Among the tested biomass sources, SMC yielded the highest amount of crude hemicellulose following pretreatment. This observation aligns with previous findings by Jurak et al. [26], who reported that xylan extracted via alkaline treatment from wheat-based compost used in Agaricus bisporus cultivation was heavily substituted with (4-O-methyl-)glucuronic acid and arabinosyl residues. Notably, both mono- and di-arabinosyl substitutions per xylosyl unit were retained. The persistence of these substituents is attributed to the limited enzymatic repertoire of A. bisporus during fruiting, particularly the absence of α-glucuronidase genes encoding GH115 enzymes capable of cleaving glucuronic acid side chains. Additionally, A. bisporus appears to lack the enzymatic machinery required for the removal of di-arabinosyl residues from xylosyl backbones [27].
Despite the high hemicellulose yield from SMC, XynA exhibited no detectable hydrolytic activity toward this substrate when pretreated with KOH, as evidenced by TLC analysis (Figure 5). In contrast, XynA effectively hydrolyzed other biomass types, releasing distinct xylooligosaccharides (XOS), including xylotriose (X3), xylopentaose (X5), and XOS resembling xylotetraose (X4). The lack of activity against SMC may be attributed to its heterogeneous composition, which includes not only lignocellulosic residues but also animal manure (e.g., horse or chicken), inorganic fertilizers, and calcium sulfate [28]. Given that crude hemicellulose was recovered via simple filtration, residual non-polysaccharide components may have co-extracted and acted as inhibitors of enzymatic activity. Further purification and compositional analysis of the hemicellulose fraction are warranted to confirm this hypothesis and assess its suitability for enzymatic hydrolysis.

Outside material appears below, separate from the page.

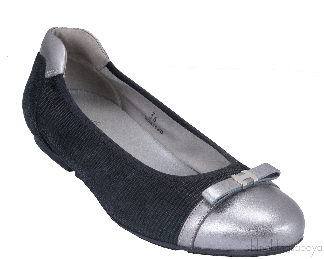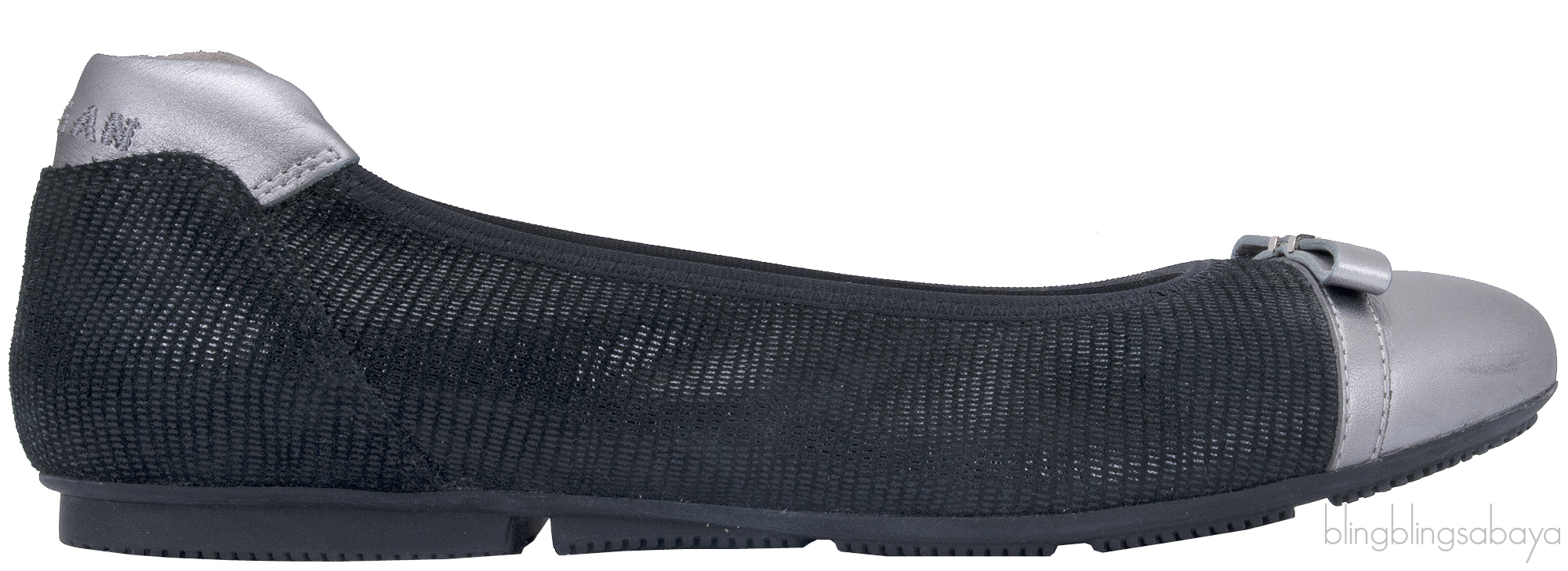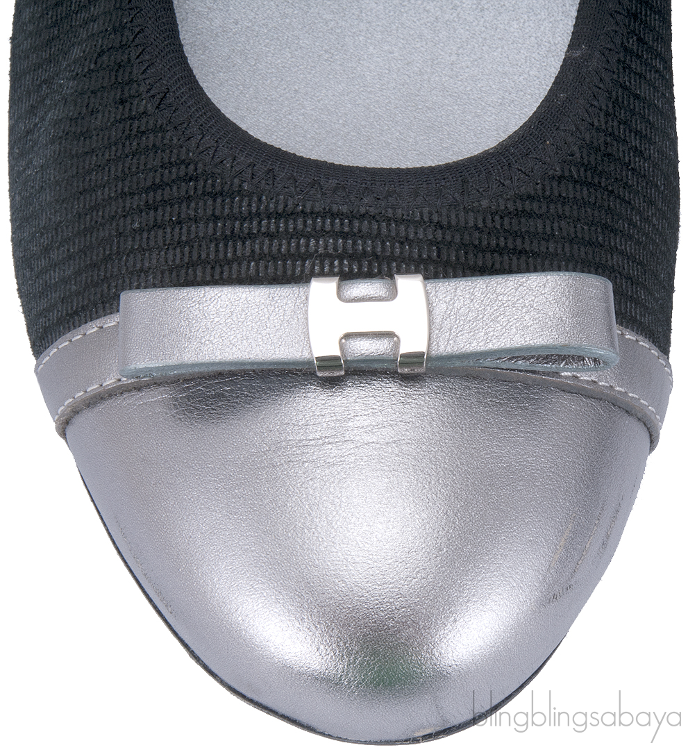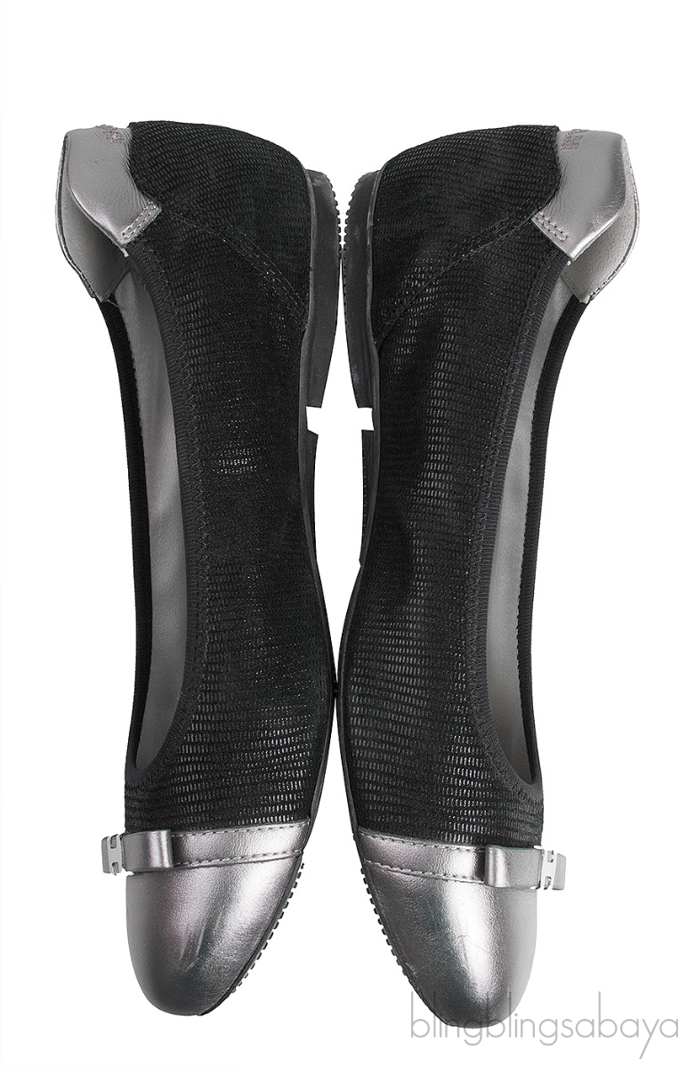 This Silver Cap Toe Ballet Flat from Hogan is crafted in black reptile printed soft nappa leather with silver leather detailing featuring an almond cap toe with cute mini bow at vamp and H silver metal logo2, embossed hogan logo2 on the silver leather counter heel tip, leather lined insole & rubber sole.

TLC profiling of XynA hydrolysis products revealed that xylobiose (X2) and xylose (X1) were the predominant end products (Figure 4). Xylobiose, the shortest XOS comprising two β-1,4-linked xylose units, is particularly noteworthy due to its enhanced fermentability by gut microbiota and associated prebiotic benefits [29]. Moreover, short-chain XOS such as xylobiose possess favorable organoleptic properties, including a mild sweetness comparable to 30–40% of sucrose, as reported by Park et al. [30]. These attributes suggest that XynA-derived hydrolysates may hold promise for applications in functional food formulations and nutraceuticals.
5. Conclusions
The recombinant xylanase XynA (~37.5 kDa) exhibited robust hydrolytic activity toward xylan and arabinoxylan substrates, generating XOS as confirmed by TLC. In addition to its activity on purified polysaccharides, XynA effectively catalyzed the production of XOS from crude hemicellulose fractions derived from coconut husk, oil palm mesocarp, and oil palm shell following autohydrolysis and alkaline (KOH) pretreatment. These findings underscore the potential of XynA as a biocatalyst for valorizing agricultural residues into functional XOS.